Total Tayangan Halaman

Selasa, 14 Juni 2011

"PERINTAH SHOLAT TAHAJJUD"

 TEREJEMAHAN SURAT AL-MUZAMMIL (TENTANG SHOLAT TAHAJJUD)
 
73:1. Hai orang yang berselimut (Muhammad),

73:2. bangunlah (untuk sembahyang) di malam hari, kecuali sedikit (daripadanya),

73:3. (yaitu) seperduanya atau kurangilah dari seperdua itu sedikit,

73:4. atau lebih dari seperdua itu. Dan bacalah Al Qur'an itu dengan perlahan-lahan.

73:5. Sesungguhnya Kami akan menurunkan kepadamu perkataan yang berat.

73:6. Sesungguhnya bangun di waktu malam adalah lebih tepat (untuk khusyuk) dan bacaan di waktu itu lebih berkesan.

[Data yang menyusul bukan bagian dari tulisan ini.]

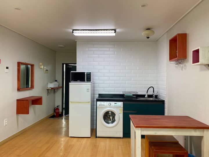 เพื่อป้องกันความชื้นของเกาะเชจูมีบันไดประมาณ 5 ขั้นที่ทางเข้าหลักไปยังชั้นแรกและสาขาที่ขึ้นไปยังแต่ละห้อง การใช้วีลแชร์ดูไม่สะดวกและหากคุณเป็นผู้เข้าพักที่ใช้ขาไม่ราบรื่นโปรดใช้ชั้นแรก และชั้นแรกและชั้นที่สองจะถูกคั่นด้วยบันไดและไม่มีลิฟต์แยกต่างหากในอาคาร โปรดอย่าทำผิดพลาดใดๆ

73:7. Sesungguhnya kamu pada siang hari mempunyai urusan yang panjang (banyak).

73:8. Sebutlah nama Tuhanmu, dan beribadahlah kepada-Nya dengan penuh ketekunan.

73:9. (Dia-lah) Tuhan masyrik dan magrib, tiada Tuhan (yang berhak disembah) melainkan Dia, maka ambillah Dia sebagai pelindung.

73:10. Dan bersabarlah terhadap apa yang mereka ucapkan dan jauhilah mereka dengan cara yang baik.

73:11. Dan biarkanlah Aku (saja) bertindak terhadap orang-orang yang mendustakan itu, orang-orang yang mempunyai kemewahan dan beri tangguhlah mereka barang sebentar.

73:12. Karena sesungguhnya pada sisi Kami ada belenggu-belenggu yang berat dan neraka yang bernyala-nyala,

73:13. dan makanan yang menyumbat di kerongkongan dan azab yang pedih.

73:14. Pada hari bumi dan gunung-gunung bergoncangan, dan menjadilah gunung-gunung itu tumpukan-tumpukan pasir yang beterbangan.

73:15. Sesungguhnya Kami telah mengutus kepada kamu (hai orang kafir Mekah) seorang Rasul, yang menjadi saksi terhadapmu, sebagaimana Kami telah mengutus (dahulu) seorang Rasul kepada Firaun.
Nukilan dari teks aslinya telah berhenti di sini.